Record extracts

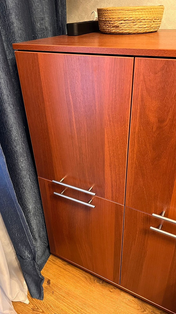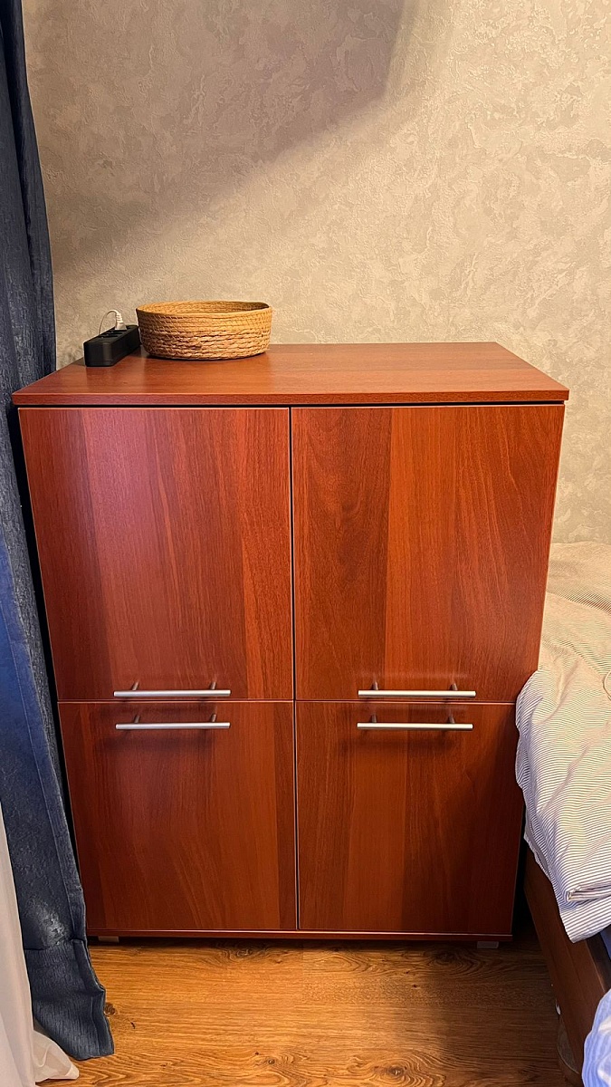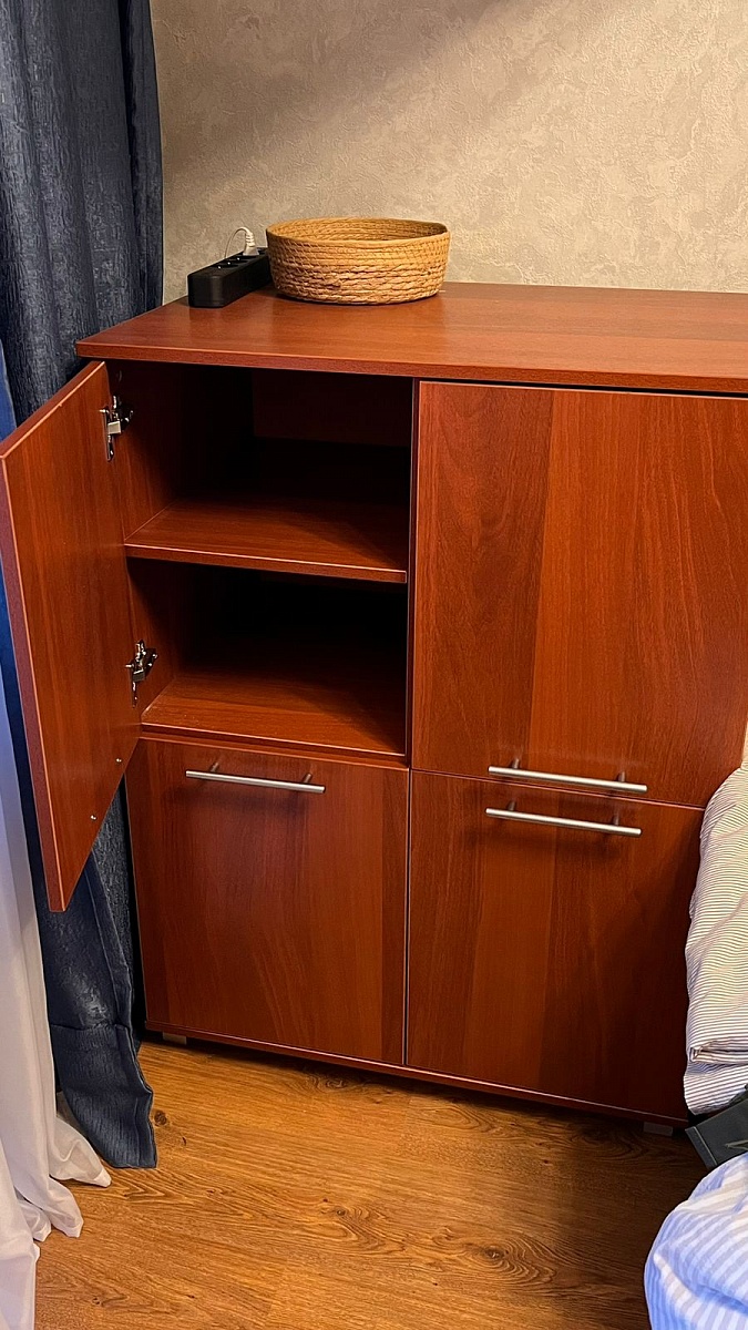Красивая тумба, органично вписалась в интерьер с другой мебелью. Мы брали её для кулера, идеальный вариант. И очень хорошо, что можно изменить размеры, мы уменьшали ширину.
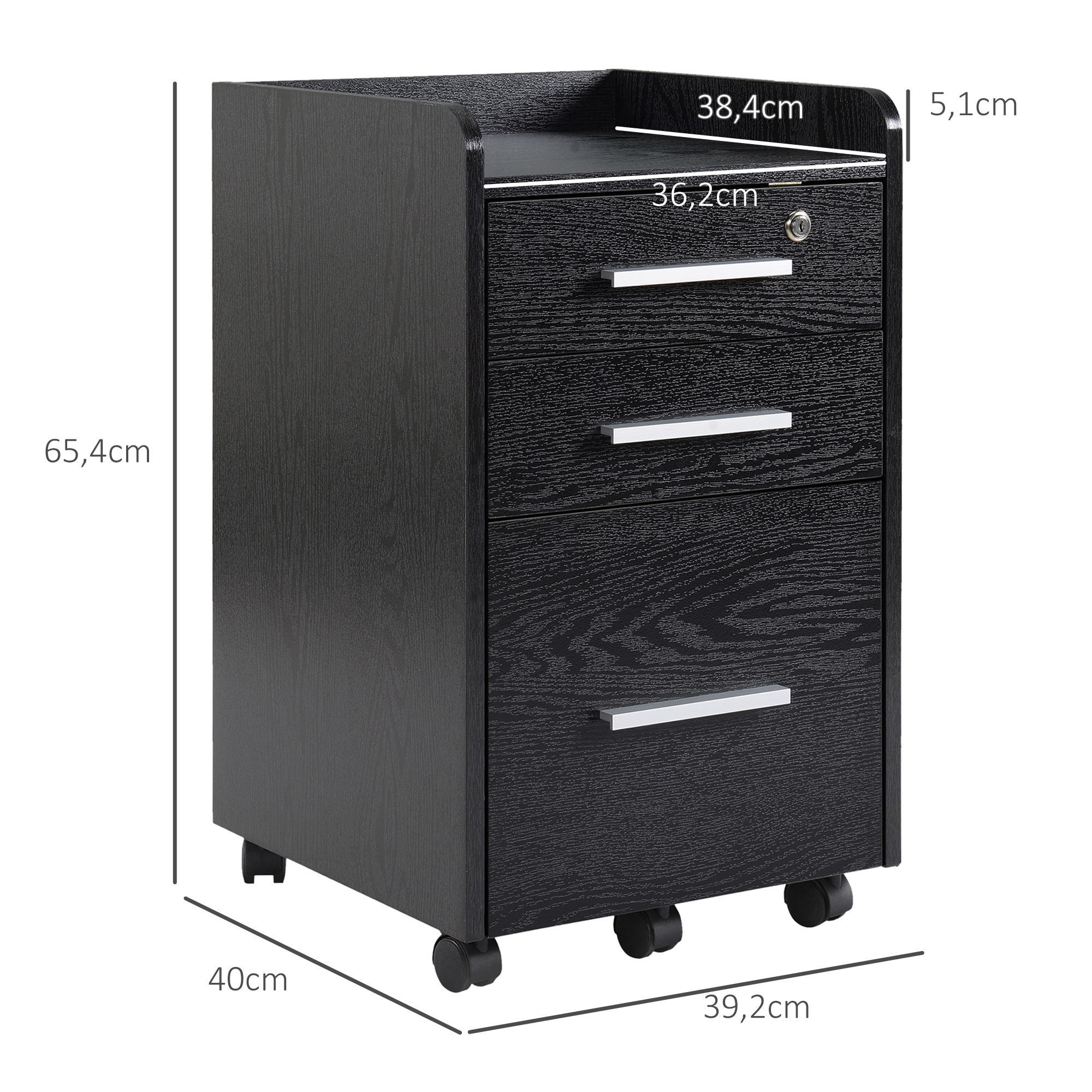 | Libellé | Caisson de bureau rangement bureau sur roulettes 3 tiroirs 1 verrouillable 1 trieur dossiers effet bois noir |
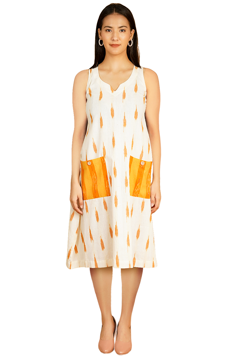 Ikat Midi White Dress
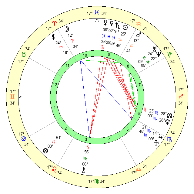 | Mercury | 6 Pisces 34 | 0 Pisces 23 | 29 Aquarius 14 |
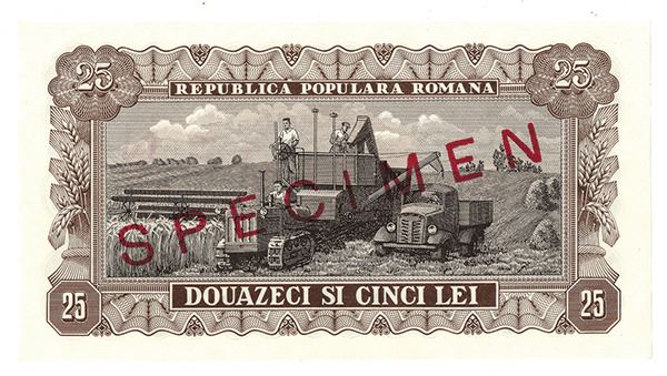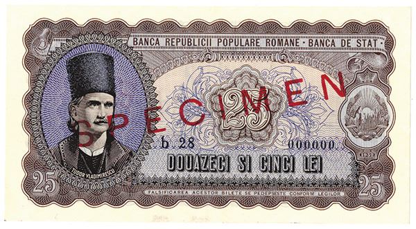 Romania. Lot includes a specimen 25 Lei banknote, with red "SPECIMEN" overprint and s/n b28 000000. P-89s. Gem Unc.

Task description
Quote the data exactly, leaving every image out of the copy.

Reply to the exercise
Красивая тумба, органично вписалась в интерьер с другой мебелью. Мы брали её для кулера, идеальный вариант. И очень хорошо, что можно изменить размеры, мы уменьшали ширину.
 | Libellé | Caisson de bureau rangement bureau sur roulettes 3 tiroirs 1 verrouillable 1 trieur dossiers effet bois noir |
 Ikat Midi White Dress
 | Mercury | 6 Pisces 34 | 0 Pisces 23 | 29 Aquarius 14 |
 Romania. Lot includes a specimen 25 Lei banknote, with red "SPECIMEN" overprint and s/n b28 000000. P-89s. Gem Unc.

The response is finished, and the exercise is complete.